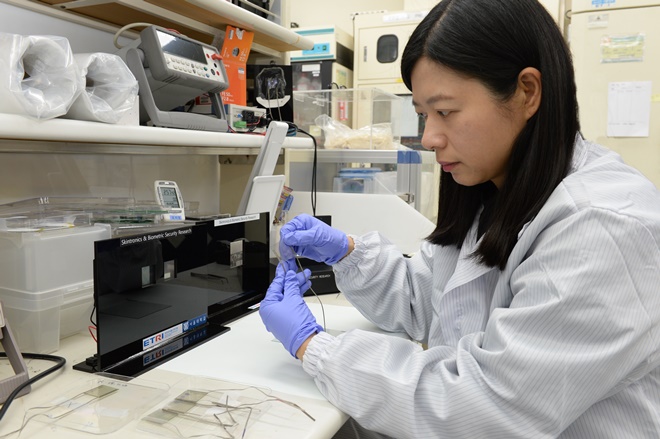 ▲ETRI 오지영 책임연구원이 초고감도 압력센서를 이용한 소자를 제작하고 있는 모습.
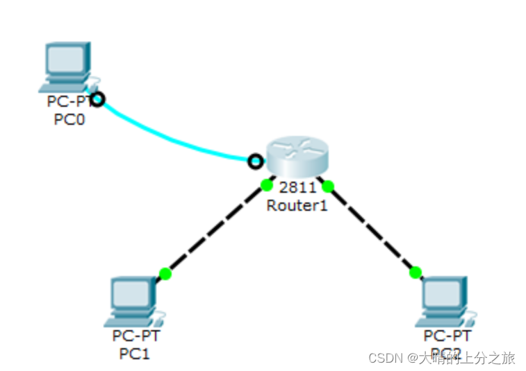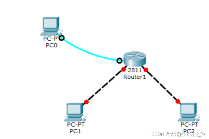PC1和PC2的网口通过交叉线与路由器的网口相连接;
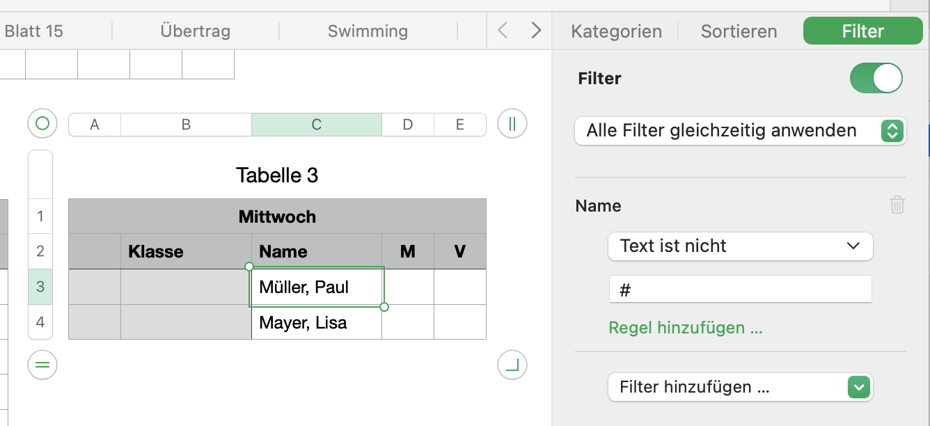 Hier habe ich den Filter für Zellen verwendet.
--
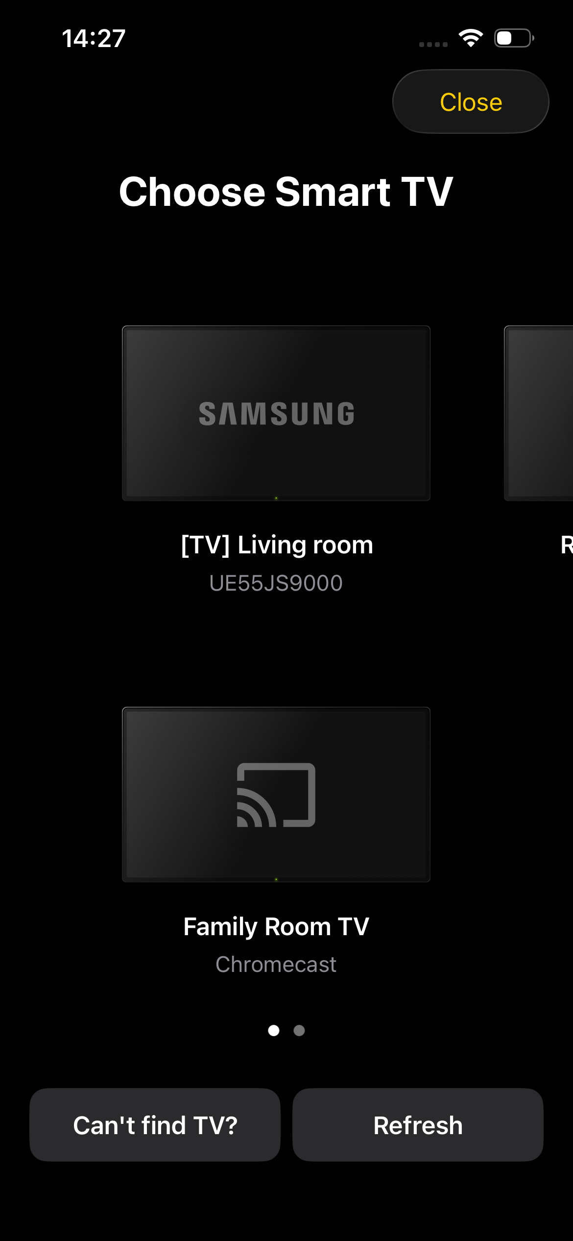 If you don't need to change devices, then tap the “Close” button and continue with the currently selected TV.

REQUIRED WORK:
Using the material above, transcribe exactly the lines from the one holding "제작하고 있는 모습." to the one holding "Hier habe ich", both ends kept. Do not carry over any pictures.

WRITTEN RESPONSE:
 ▲ETRI 오지영 책임연구원이 초고감도 압력센서를 이용한 소자를 제작하고 있는 모습.
PC1和PC2的网口通过交叉线与路由器的网口相连接;
 Hier habe ich den Filter für Zellen verwendet.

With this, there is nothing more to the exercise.